Menurut Geonifan (2010: 64), penempatan siswa berkebutuhan khusus dalam sekolah inklusif dapat dilakukan dengan beberapa model yaitu.

a) Kelas Reguler

Dalam model ini, siswa berkebutuhan khusus belajar bersama anak lain (normal) sepanjang hari di kelas reguler dengan menggunakan kurukilum yang sama.

b) Kelas Reguler dengan Cluster

Dalam model ini, siswa berkebutuhan khusus belajar bersama – sama anak lain di kelas reguler dalam kelompok khusus.

Dalam model ini, siswa berkebutuhan khusus belajar bersama anak lain di kelas reguler namun dalam waktu tertentu siswa berkebutuhan khusus tersebut ditarik dari kelas reguler ke ruang sumber belajar untuk belajar bersama guru pembimbing khusus (GPK).

d) Kelas Reguler dengan cluster dan pull out

Dalam model ini, siswa berkebutuhan khusus belajar bersama anak lain (normal) di kelas reguler dalam kelompok khususdan dalam waktu-waktu tertentu ditarik dari kelas reguler ke ruang sumber untuk belajar bersama dengan guru pembimbing khusus.

e) Kelas khusus dengan berbagai pengintegrasian

Dalam model ini, siswa berkebutuhan khusus belajar di kelas khusus pada sekolah reguler, namun dalam bidang- bidang tertentu dapat belajar bersama anak lain (normal) di kelas reguler.

f) Kelas khusus penuh di sekolah reguler

Siswa berkebutuhan khusus belajar di dalam kelas khusus pada sekolah reguler.

2.6.6 Kurikulum Sekolah Inklusif

Direktorat Pembinaan PKLK Dikdas (2011: 25) Kurikulum yang digunakan dalam penyelenggaraan pendidikan inklusif menggunakan kurikulum standar nasional yang ditetapkan pemerintah yang berlaku di sekolah umum. Namun sekolah penyelenggara pendidikan inklusif tidak serta merta menggunakan kurikulum tersebut, melihat ragam hambatan yang dialami siswa disabilitas sangat

bervariasi.
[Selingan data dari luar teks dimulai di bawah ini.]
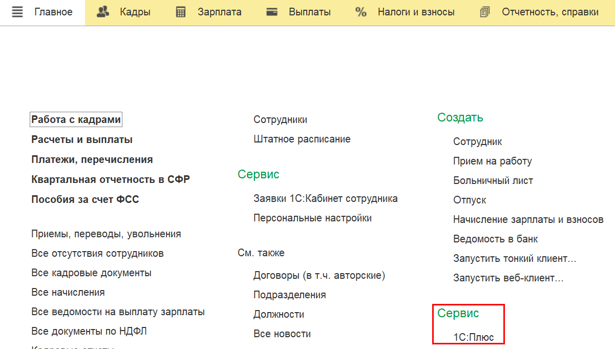 Реализована интеграция с сервисом 1С:Плюс. Ссылка размещена в разделе Главное – Сервис.

Sekolah penyelenggara melakukan pengembangan kurikulum bagi siswa berkebutuhan khusus sesuai dengan kemampuan dan kebutuhan mereka. Pengembangan tersebut dilakukan dalam 2 metode, yakni adaptiasi dan modifikasi.

Pada tahun pelajaran 2014/2015. Sekolah Luar Biasa dan Sekolah-sekolah penyelenggara pendidikan inklusif menggunakan kurikulum 2013 yang mengakomodasi kebutuhan dan kemampuan peserta didik sesuai dengan bakat, minat, dan potensinya.
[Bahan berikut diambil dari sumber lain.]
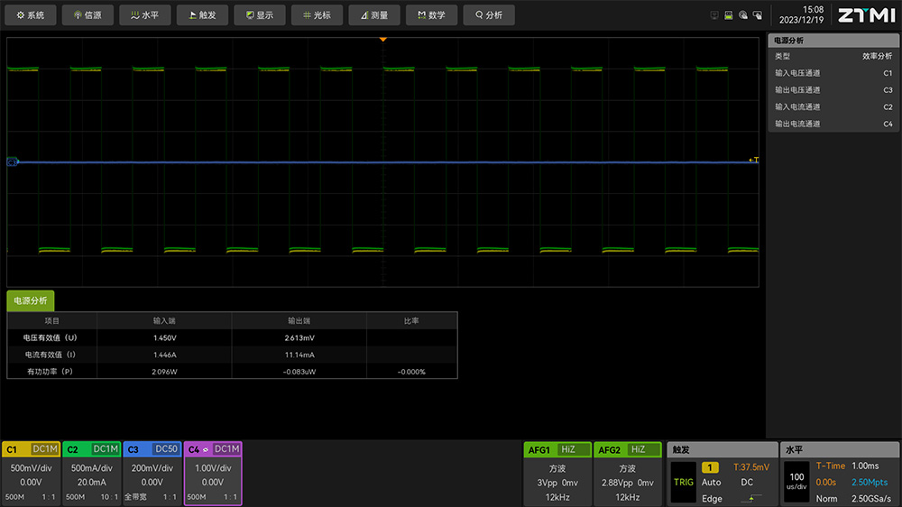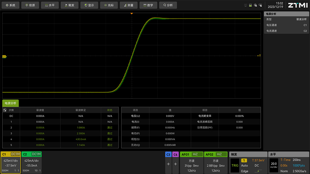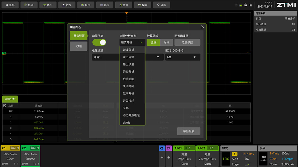 探頭傳輸延時導致的相位偏移校準完成之后,就可以正常使用ZUS6000示波器配合差分探頭和電流探頭進行無線信號的功率測試了。為了更好的實現功率測試功能,ZUS6000配備了專用的電源分析功能,如圖10所示。我們開啟效率分析功能,顯示結果如圖11所示,可以看到輸入端的電壓、電流、功率和輸出端的電壓、電流、功率,以及轉化效率參數。如果打開諧波功能,如圖12所示,可以看到各次諧波參數,并且可以看到有功功率、無功功率、視在功率等全面的功率參數。

Model pengembangan kurikulum pendidikan inklusif menurut Direktorat Pembinaan PKLK Dikdas (2012: 26) adalah sebagai berikut.

a. Model kurikulum tingkat satuan pendidikan yang sesuai standar isi nasional. Pada model kurikulum ini, peserta didik penyandang diabilitas mengikuti kurikulum satuan pendidikan seperti kawan – kawan lainnya di dalam kelas yang sama. Program layanan khususnya lebih diarahkan kepada proses pembimbingan belajar, motivasi, dan ketekunan belajarnya.

b. Model Kurikulum Akomodatif. Pada model kurikulum ini, guru melakukan modifikasi pada strategi pembelajaran, jenis penilaian, maupun pada program tambahan lainnya dengan tetap mengacu pada kebutuhan siswa (penyandang disabilitas).